Thread: need algorithm help, sorting groups of text by comparing words

  1. #1
    Registered User
    Join Date
    Apr 2011
    Posts
    308

    need algorithm help, sorting groups of text by comparing words

    here is the code plan i wrote up so far, no coding done yet;

    updates still to do:

    - the words are in the articles lines
    i write the line the word is on, as the first word, then i write the words next to it that are in that line

    1 lion and mouse

    2 lion and mouse

    3 and mouse

    4 lion and mouse

    5 lion and

    6 lion and mouse

    7 lion mouse

    - sort article so adjacent lines that share the same words, erase the outer line

    2 lion and mouse

    3 and mouse

    4 lion and mouse

    5 lion and

    6 lion and mouse

    7 lion mouse

    - in groups of two, group the outer to inner lines,
    the top and bottom line are the first group,
    the second from the top and the second from the bottom are the second group,
    etc.

    2 lion and mouse
    7 lion mouse

    3 and mouse
    6 lion and mouse

    4 lion and mouse
    5 lion and

    - the words on a line are equal or not equal.
    "and" = "lion" in line 5.
    "and" = "mouse" in line 3.
    "lion" = "mouse" in line 7.

    2 lion = and = mouse
    7 lion = mouse != and

    3 and = mouse != lion
    6 lion = and = mouse

    4 lion = and = mouse
    5 lion = and != mouse

    ///////////////
    7 lion mouse = group a
    ///////////////
    3 and mouse = group b
    ///////////////
    5 lion and = group b
    ///////////////

    ____________________

    my question is what should i do to do the last step using c sharp code?

    this step;

    Code:
    - the words on a line are equal or not equal.
    "and" = "lion" in line 5.
    "and" = "mouse" in line 3.
    "lion" = "mouse" in line 7.
    
    2 lion = and = mouse
    7 lion = mouse != and
    
    3 and = mouse != lion
    6 lion = and = mouse
    
    4 lion = and = mouse
    5 lion = and != mouse
    
    ///////////////
    7 lion mouse = group a
    ///////////////
    3 and mouse = group b
    ///////////////
    5 lion and = group b
    ///////////////

  2. #2
    Registered User
    Join Date
    Apr 2011
    Posts
    308
    this is the algorithm i drafted for the last two updates in my previous list;

    2 lion and mouse
    3 and mouse
    4 lion and mouse
    5 lion and
    6 lion and mouse
    7 lion mouse

    step 1;
    - a group of 2 or more units, that share one or more words, but not all words
    3 and mouse
    5 lion and

    - a unit that holds a part of two or more groups but not all the words, named "special unit"
    7 lion mouse

    step 2;
    - group a unit that has the words in the "special unit", with a group that has the words in the "special unit", listing lowers numbers first

    you have a group of units and a "special unit" = 3 units * 2 = 6 units.

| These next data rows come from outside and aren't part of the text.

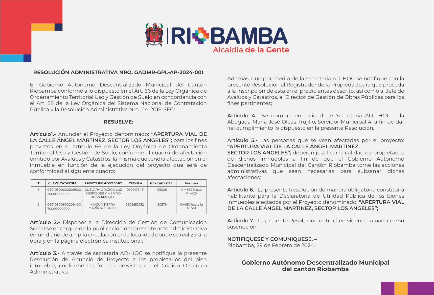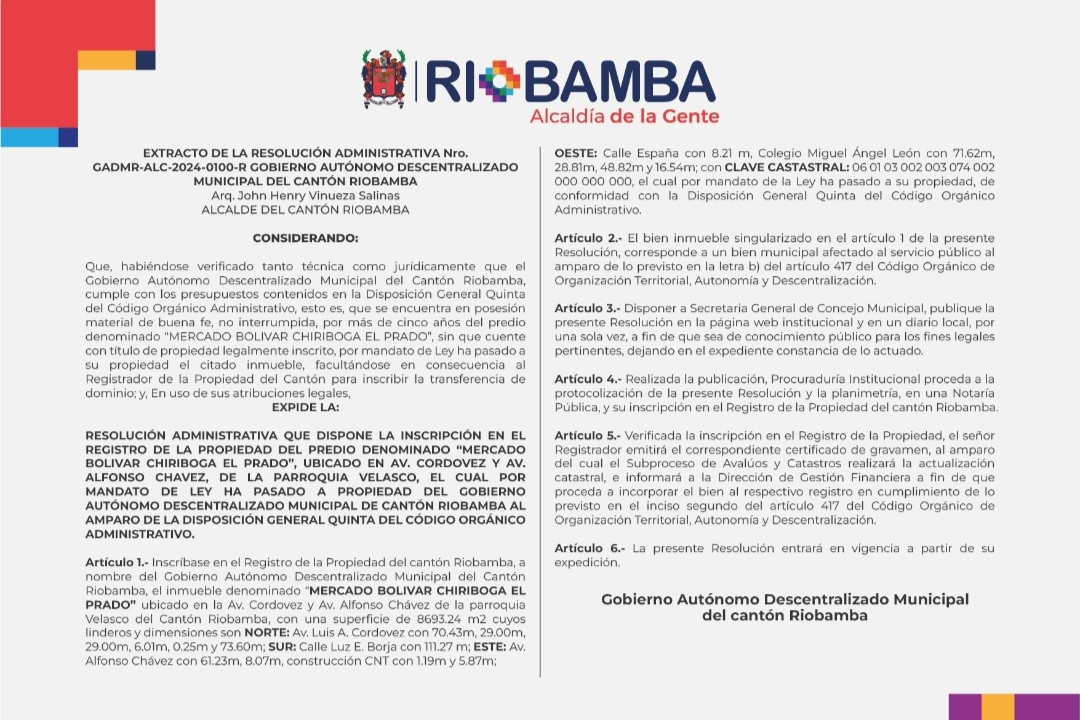 Resolución Administrativa "Mercado Bolívar Chiriboga El Prado"
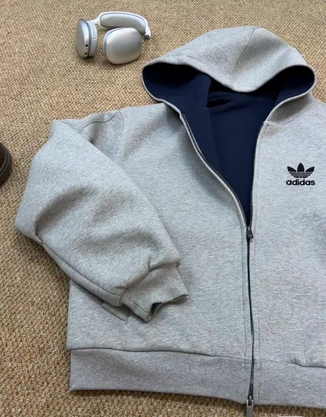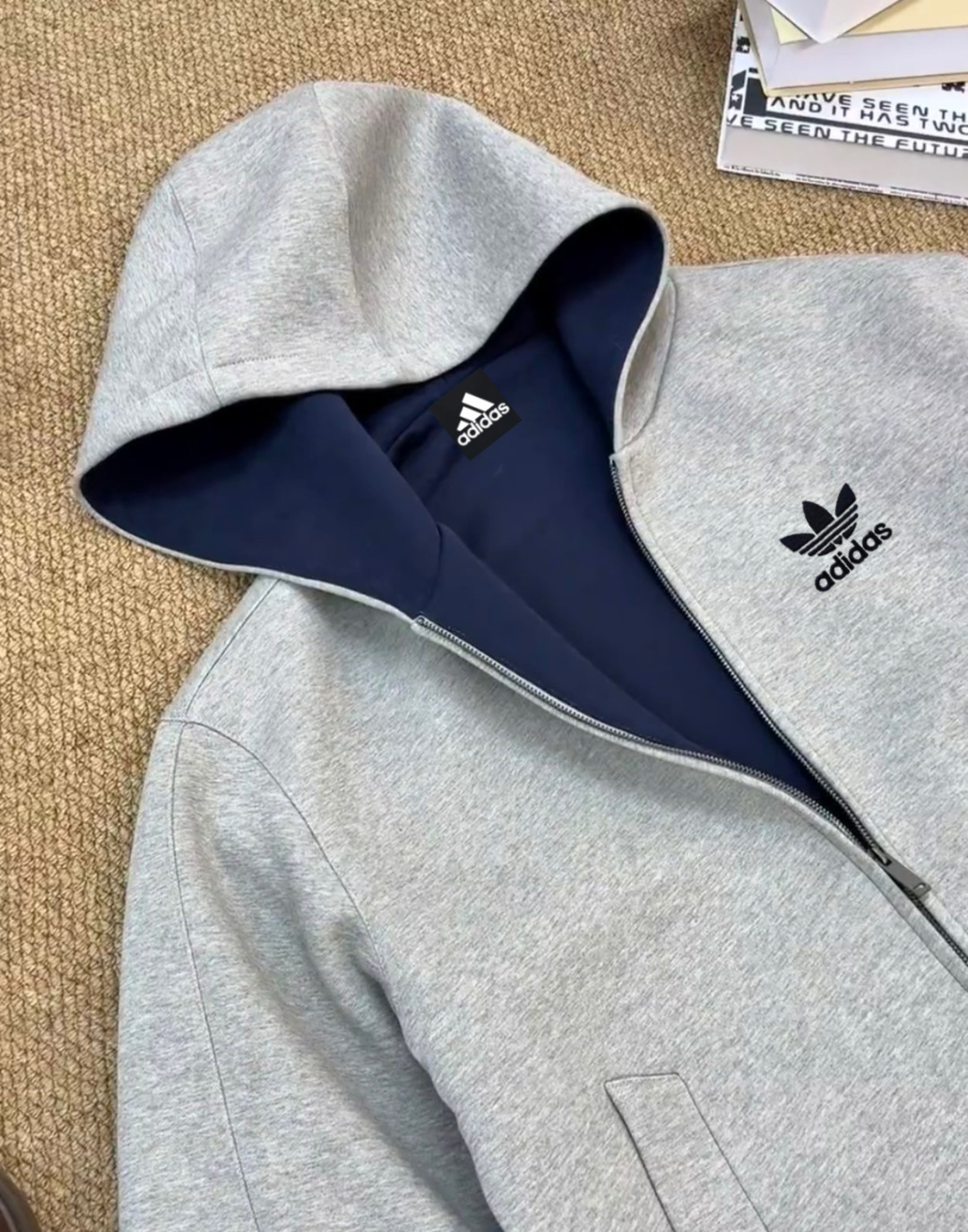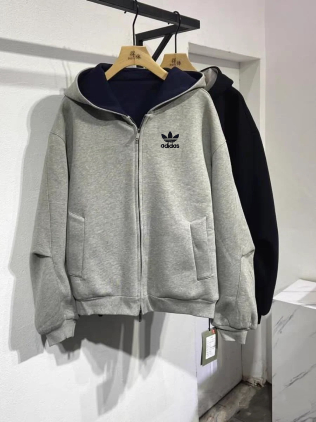 阿迪达斯Adidas重磅灰色内青外灰拼色帽子美式落肩拼接卫衣男女同款连帽高街休闲连帽廓形落肩袖重磅设计感外套
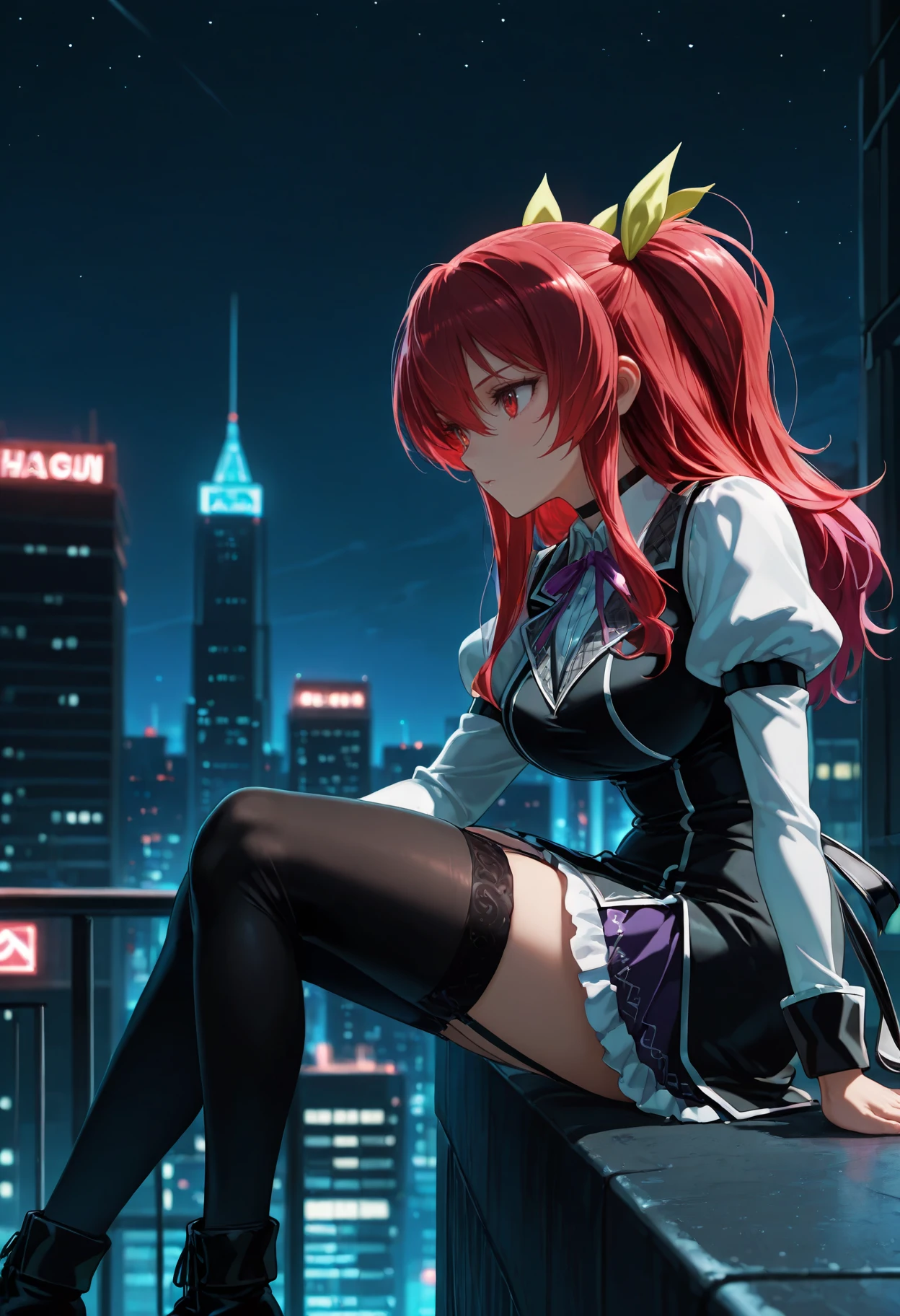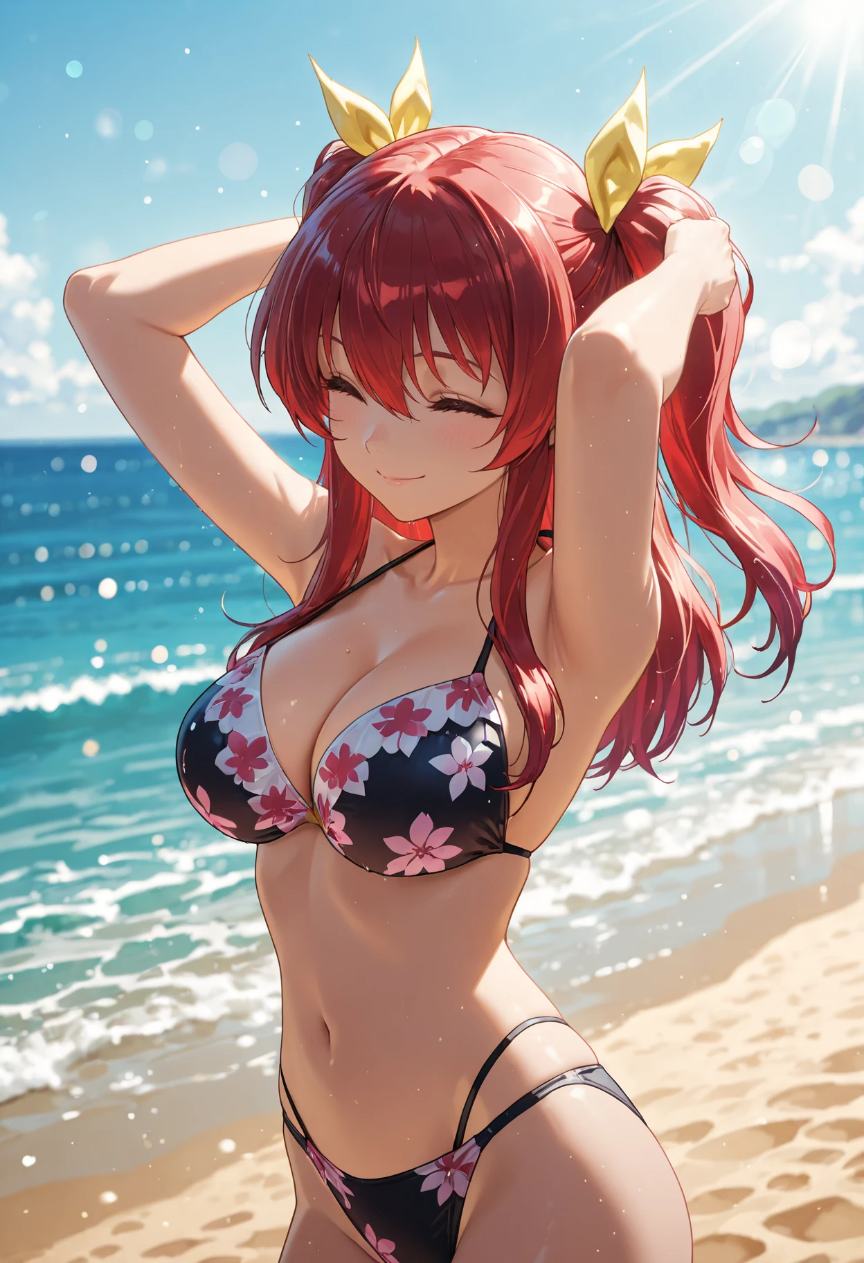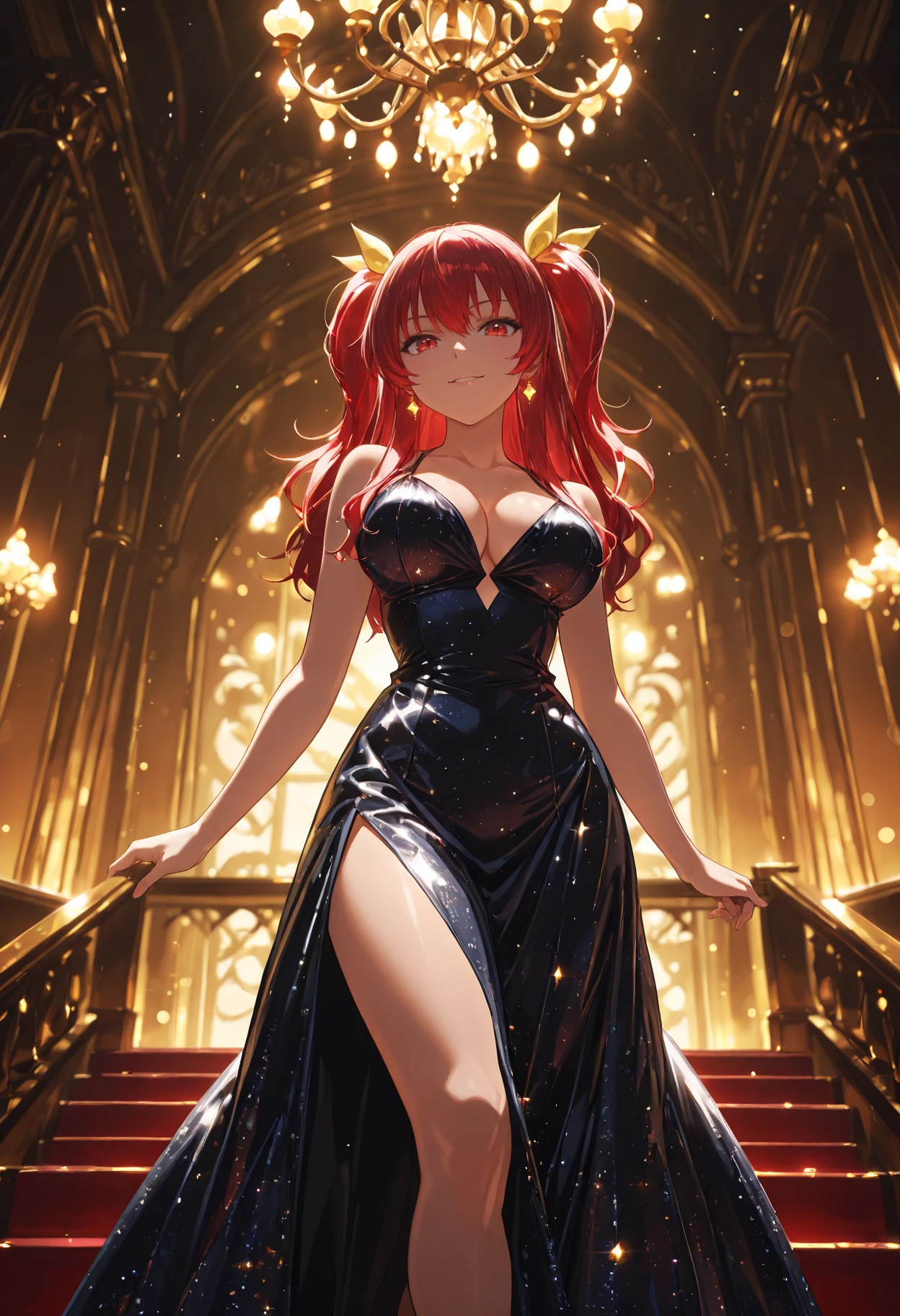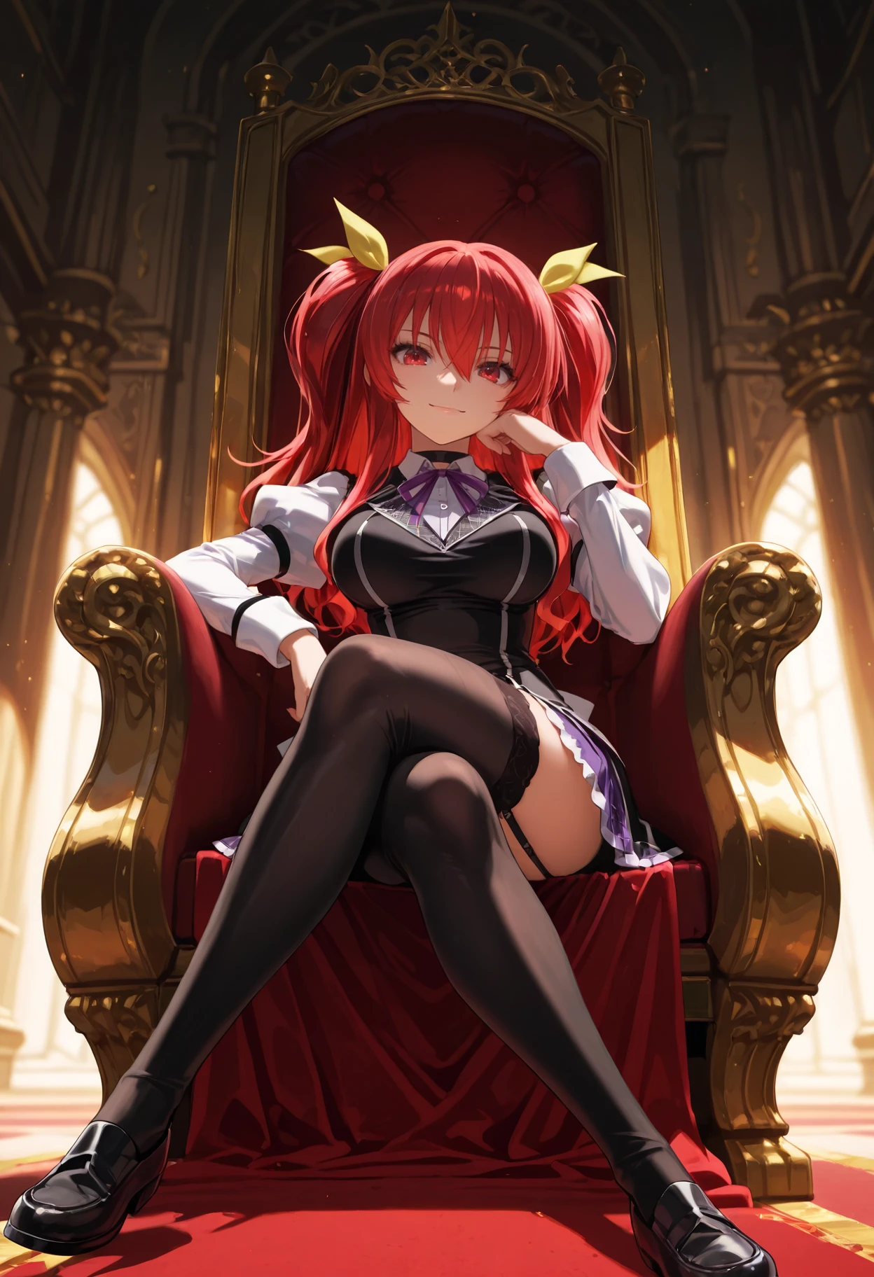 stellavermillionxl, red eyes, red hair, two side up, long hair, twintails, hair between eyes, long sidelocks, hair bow, yellow bow,
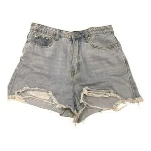 Trendy distressed jean shorts. Perfect for casual wear. Classic blue denim look.
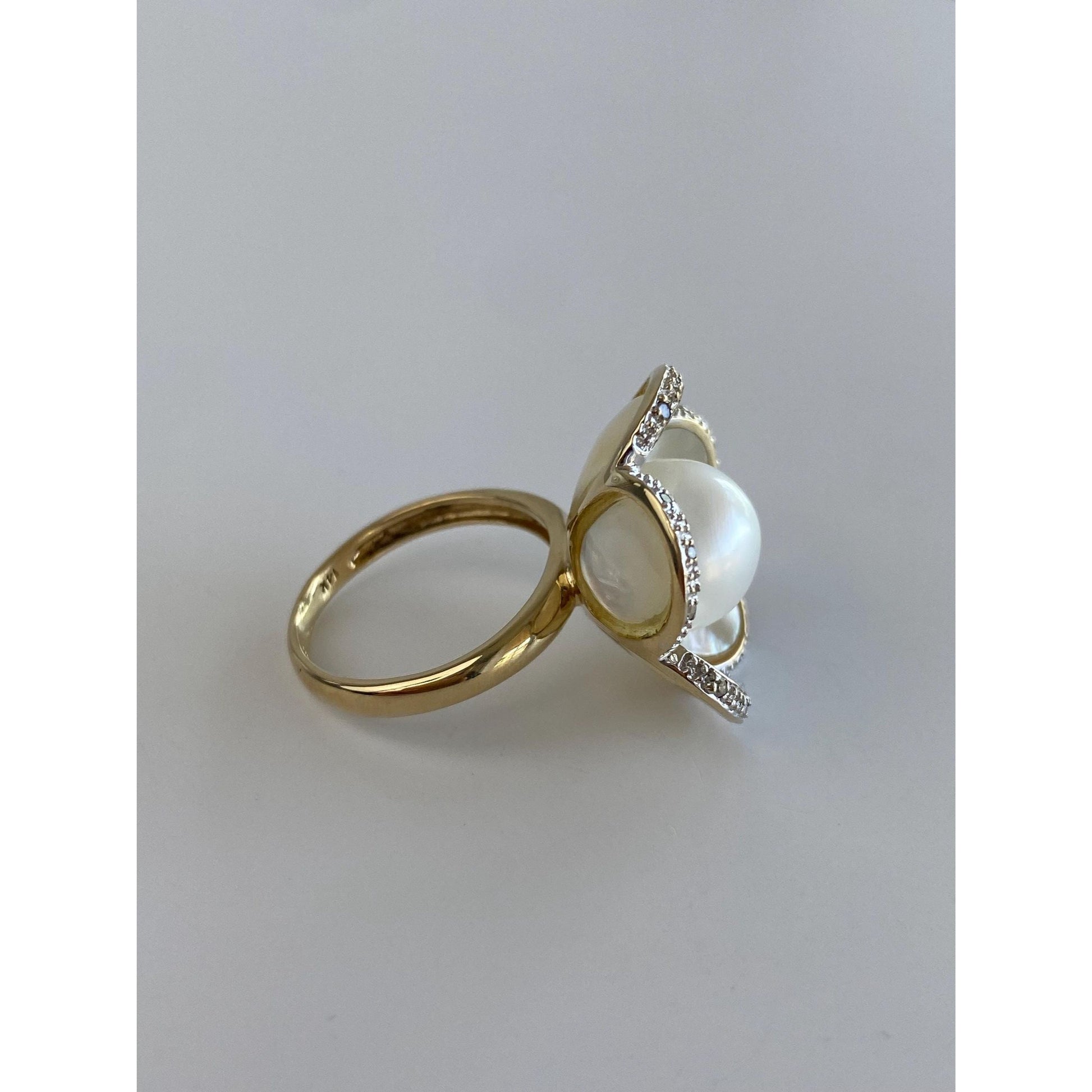 Solid 14k Yellow Gold Diamond Mother of Pearl Pearl Flower Ring - Size 5.5
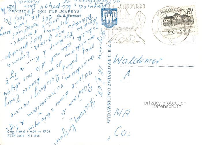 13526538 old postcard Krynica-Zdroj Dom FWP Kaprys postalisch gelaufen Erhaltung siehe scans [WerneD78] KatCode: 11410
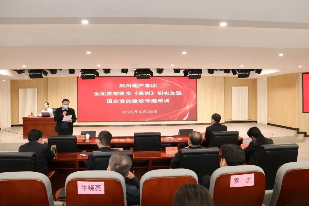 為貫徹落實新時代黨的建設總要求和黨的組織路線,堅持和加強黨對國有企業(yè)的全面領導,提高國有企業(yè)黨的建設質量,4月24日下午,鄭州地產(chǎn)集團黨委特邀中共河南省委黨校黨建教研部主任郭獻功教授,在集團301多功能廳舉辦了《全面貫徹落實<條例>切實加強國企黨的建設》專題培訓。會議由集團監(jiān)事會主席李靜波主持,集團總部全體黨員、各子公司董事長及各支部書記參加了培訓。
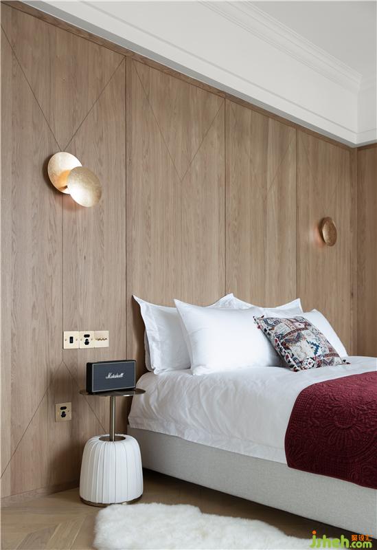 木饰墙面上精细优雅的金色元素灯饰,隐秘感中包含轻奢,精致细腻的质感开启对美的感知。
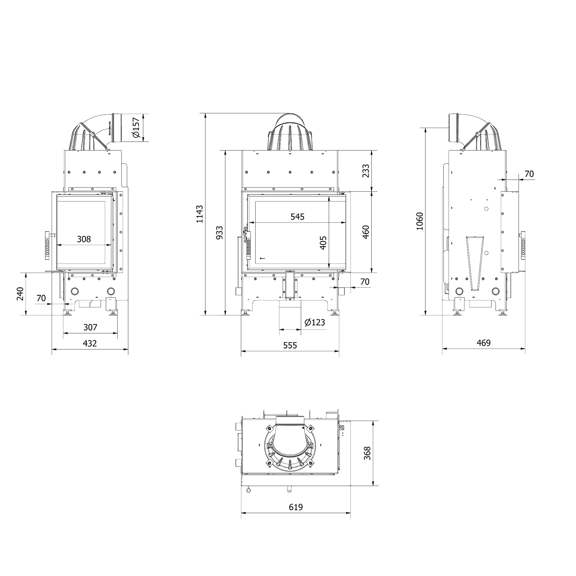 Praktickou výhodou sú aj nastaviteľné nožičky, ktoré umožňujú jednoduché vyrovnanie vložky. Model je vybavený aj nastaviteľným vývodom spalín, vďaka čomu je možné jednoduchšie prispôsobiť napojenie na komín bez potreby ďalších kolien. To zjednodušuje montáž a znižuje nároky na inštaláciu.

    the "special unit" is made from the group of units that is 4 units, four units for the group and 2 units for the "special unit" = 6 units.
    so the first group has 4 units in-between them.

    2 lion and mouse
    7 lion mouse

    - group a unit that has the words in the "special unit", with a group that is missing a word in the "special unit", listing lowers numbers first

    there is a group of units missing a word from the "special unit". the second group is compared to the first group.
    so this finds there is a mismatch in the second group, that is corrected by the third group.
    so the second group has the third group in-between its two units.

    3 and mouse
    6 lion and mouse

    the third group is the only group left,
    so if this is an odd number group, you have the extra unit be either a part of the unit that has no missing words,
    or a part of the unit that has missing words.

    4 lion and mouse
    5 lion and

    step 3:
    you can visualize step 1 and step 2 as 6 boxes, where there is two rows of three boxes.
    the bottom row is the units that have no missing words,
    the top row has the units missing a word on the outside and the unit not missing any words on the inside, so it looks like a triangle.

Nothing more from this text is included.